В новый день (Медведев) - страница 4

Пока не дала.

Смерть любит играть в недотрогу.

Но, знаете что?

Я не хочу умирать. Уж поверьте — умирать я еще как не хочу. Но вот рыть себе могилу и вгонять себя в гроб — всегда пожалуйста.

Что дает мне силы продолжать? Воспоминания, алкоголь. Какие‑то обстоятельства, приводящие все в действие, как домино.

Что ж, пошло-поехало. В конце ли я этого ряда, в начале ли, в конце — не так уж и важно. Одиссей, уставший думать.

С того же столика, где лежали сигареты, я беру полупустую бутылку, ищу глазами стакан (не забываем про этикет!) но в итоге делаю пару глотков из горла.

Да уж.

Пробрало.

Как масленка для Железного дровосека. Дороти, постучи туфельками, и пошли отсюда к чертовой матери, прямо в Канзас, мне даже сердца уже не надо. К черту Гудвина, что с него взять, старого мошенника. Иди домой, играй с собакой своей, а я тут просто поваляюсь, пока не заржавею окончательно. Надоели мне эти летающие макаки, которые были на службе у… я забыл, какая это была ведьма. Но имеет ли это хоть малейшее значение? Все эти ведьмы, сидящие на вершине своих черных неприступных замков для меня на одно лицо.

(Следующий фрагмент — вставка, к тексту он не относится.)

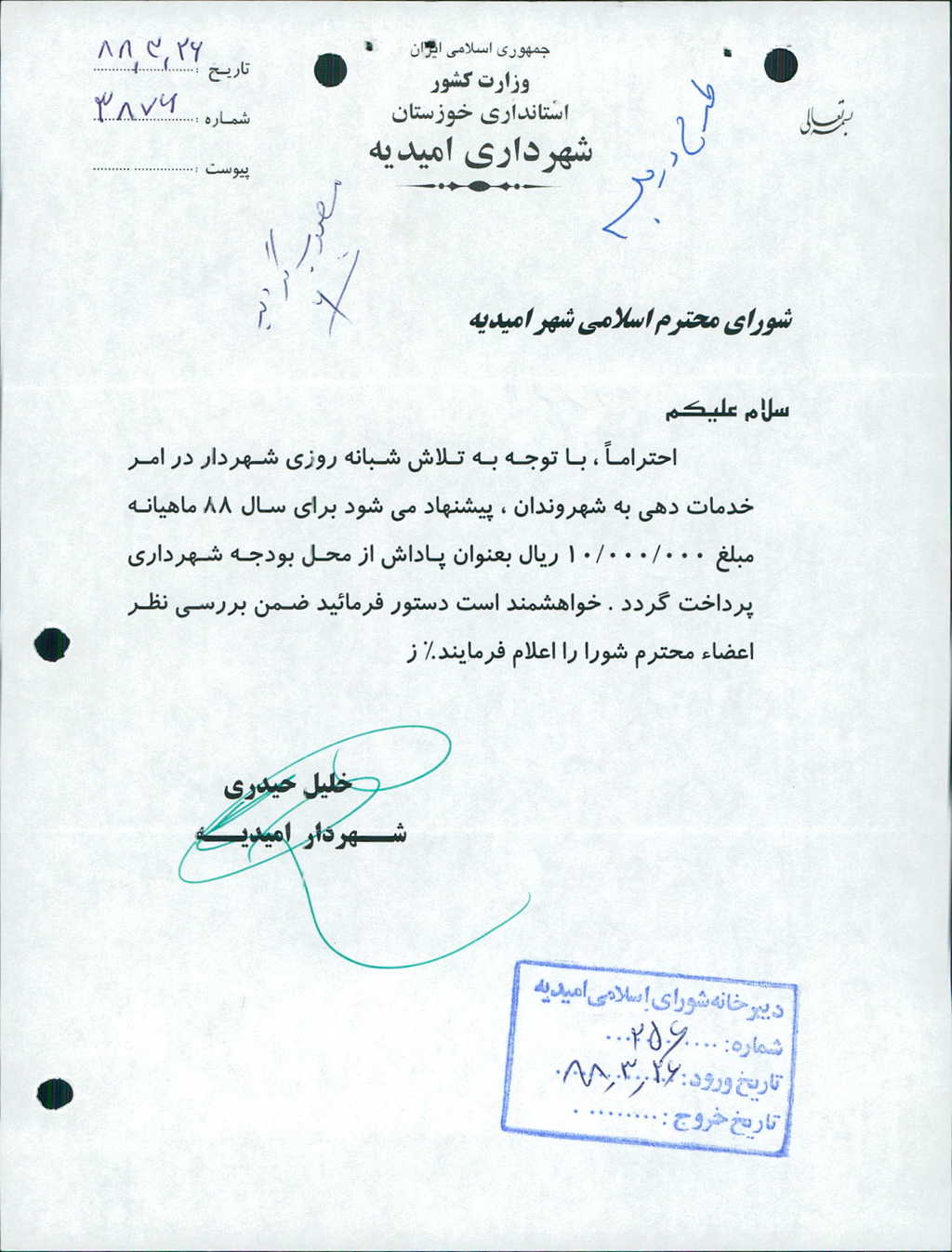 نامه شماره فوق شهرداری در خصوص پرداخت ماهیانه مبلغ ۱۰۰۰۰۰۰۰ ریال بعنوان پاداش شهردار در سال ۸۸ مطرح و با مجموع آراء ذیل مورد موافقت قرار گرفت%
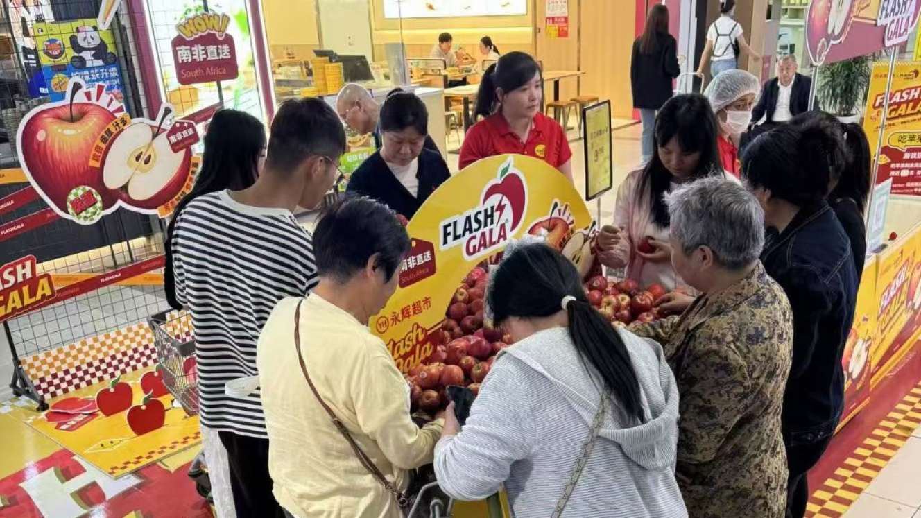 “Chinese consumers generally prefer striped Gala apples, but with targeted promotions, we convinced Yong Hui Superstores to carry Flash Gala. It’s been a breakthrough in the Chinese retail market. We are luring consumers with our promotional banners, encouraging them to develop an appetite for beautiful red apples. By giving them a good experience, they will return for more,” says JJ van der Spuy, commercial manager of fruit exports at Core Fruit.
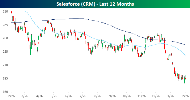 While semis have been strong, software stocks continue to try digging out from the AI-pocalypse. The latest setback for the sector was earnings from Salesforce (CRM) last night. CRM exceeded EPS forecasts on inline revenues. Guidance was mixed with the company raising Q1 EPS forecasts while keeping full-year forecasts in line with expectations. Despite a somewhat positive report at the surface, CRM is down more than 2% in the pre-market.
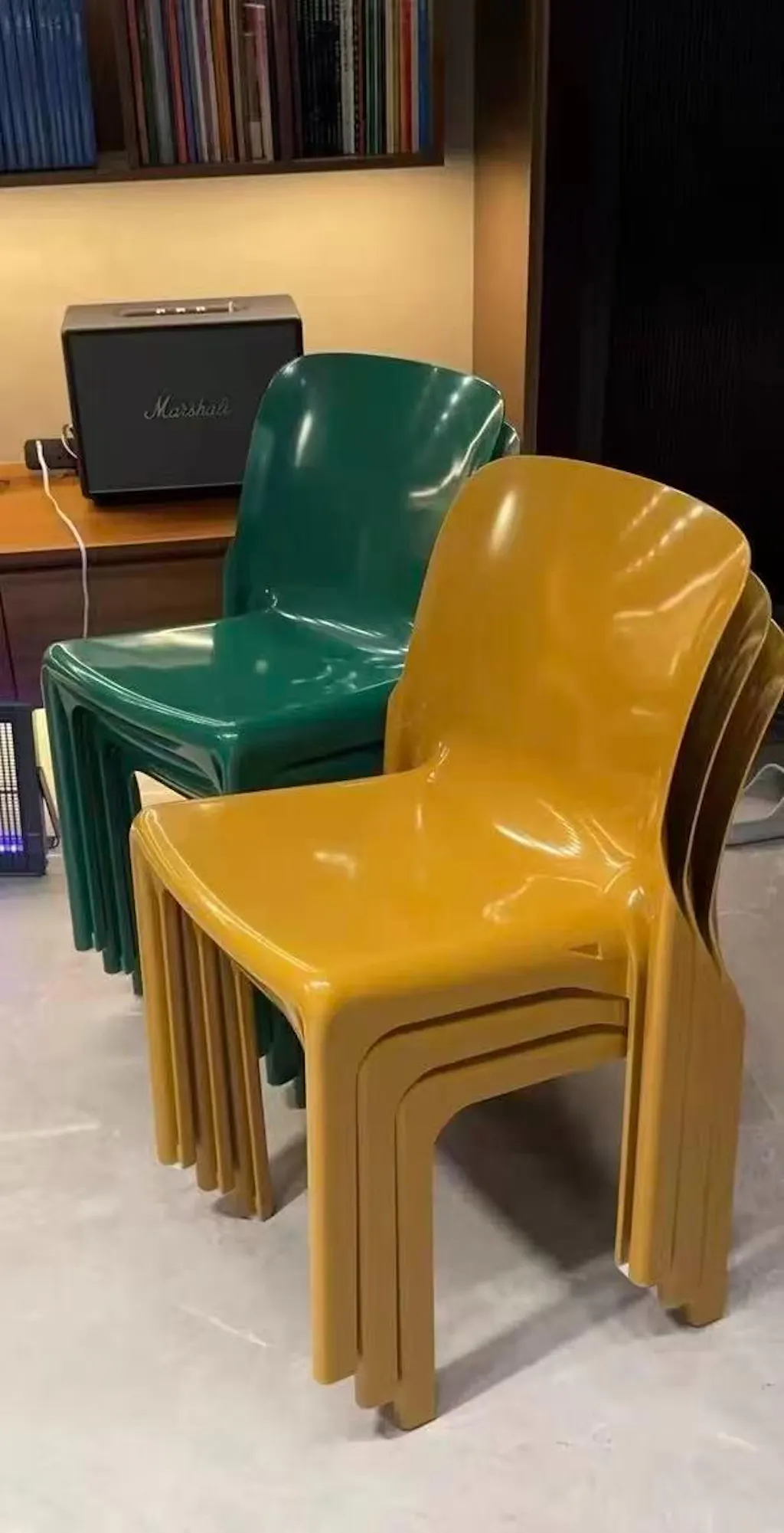 Crafted from high-quality molded materials, this plastic chair glows with sleek, Space Age confidence. The ergonomic curves of the seat and backrest cradle your body with intention, while notched legs add strength and subtle design detailing. Plus, the pop-tone colors feel anything but ordinary—more gallery-worthy than cafeteria. Light yet durable, it’s the perfect fusion of Italian elegance and everyday utility.
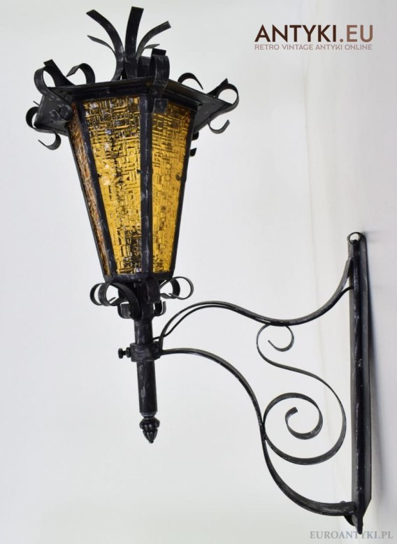 XL – duża lampa zewnętrzna w formie klasycznej latarni elewacyjnej (kinkiet przydrzwiowy), kupiona na giełdzie antyków i staroci w Austrii. Wykonana z metalu (solidna, ciężka konstrukcja) oraz wyposażona w oryginalne szklane szybki – dają bardzo przyjemne, ciepłe światło (szkło w odcieniu bursztynowym / miodowym). Sprowadzona z Francji, pochodzi z drugiej połowy XX wieku.
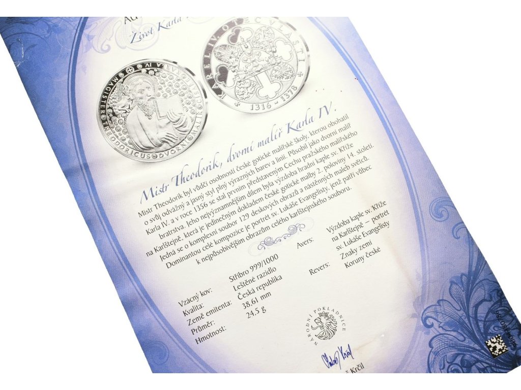 Stříbrná investiční medaile - Mistr Theodorik - Ag 24,5 g - 999/1000 + Certifikát
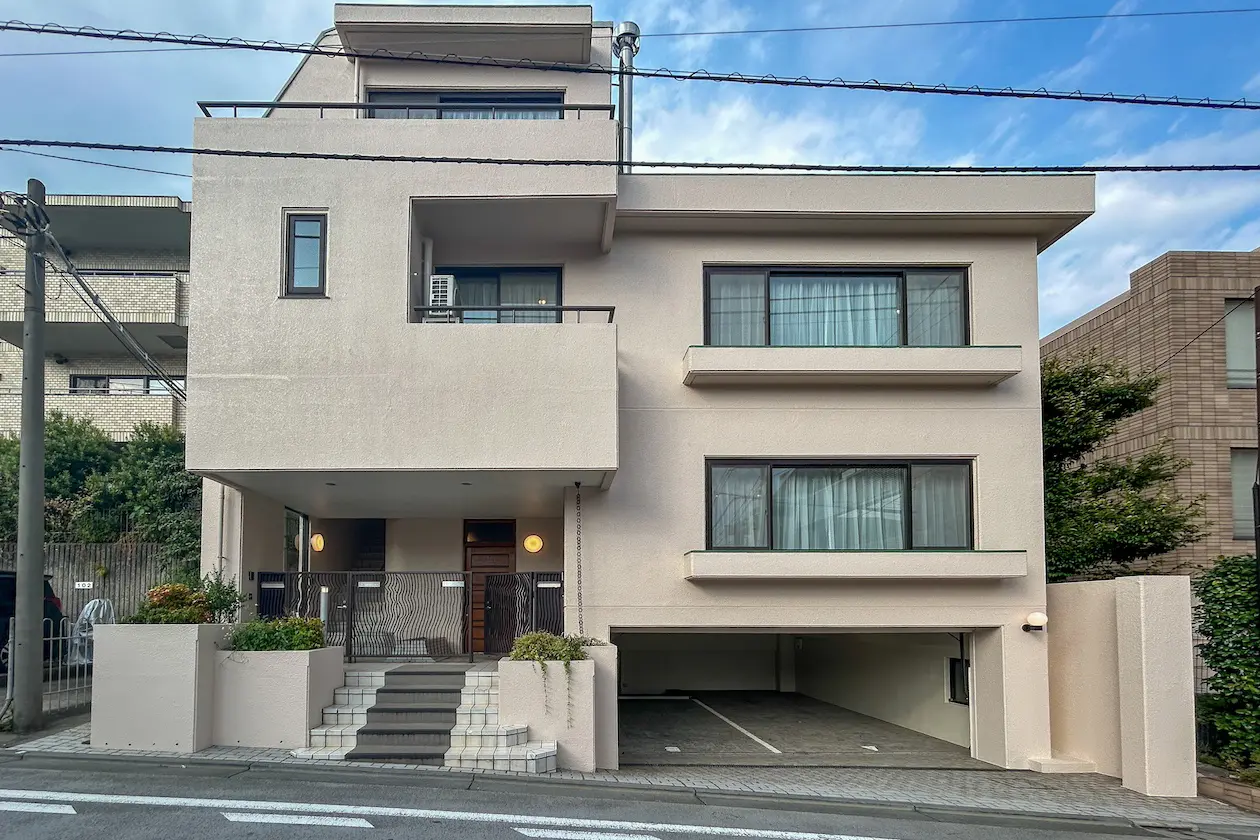 白を基調とした落ち着いたファサードに大きな窓が並び、シンプルながらも上品な印象を与えます。

Одна из этих летающих макак них чуть не тыкнула лучом света мне прямо в окно, но затем послышался удаляющийся рокот ее лопастей-крыльев. Ложная тревога.

Поставив бутылку на место, я взял телефон, посмотрел в последний раз на время и начал собираться. Торопливо застегнул рубашку, стряхнул с нее пепел, накинул на шею черный узкий галстук, подобрал с пола пальто.

Чего‑то не хватает — да, револьвер. Я проверил барабан. Пусто. Надо будет разжиться патронами где‑нибудь — хм, вот и повод зайти к моему дружку-хакеру (только не называйте его хакером, он считает это слишком варварским словом).

Люди часто жалуются, что их желания никем никогда не учитываются, что всем наплевать на то, чего им действительно хочется. Но вряд ли их желания соразмерны с моими мольбами хоть раз не доставать оружие и не подмешивать в чье‑либо серое вещество другое серое вещество. Одним словом — свинство какое‑то. Я сегодня в ударе.

Не хотите по-хорошему — будет вам по-плохому. Все честно.

Пока я засовывал револьвер в карман пальто, я нащупал колбочку тоника. Синеватая жидкость, заполнявшая ее наполовину, колыхалась, подергивалась и переливалась самыми разными красками, словно исполнявшая танец живота фигуристая арабка с живыми, чувственными формами.

Завлекая.

Потому что танцует уж больно хорошо.

Но, к сожалению, душечка, ты меня…

Душишь.

Но мы встретимся скоро, ладно?

Не сейчас.

Расскажешь мне очередную сказку эту ночью — но когда она закончится, и иллюзия из дурманящего тумана прогонит меня на серый асфальт реальности, выкинет, как хозяин харчевни очередного забулдыгу, и я буду чувствовать себя не лучше, чем харчок туберкулезника.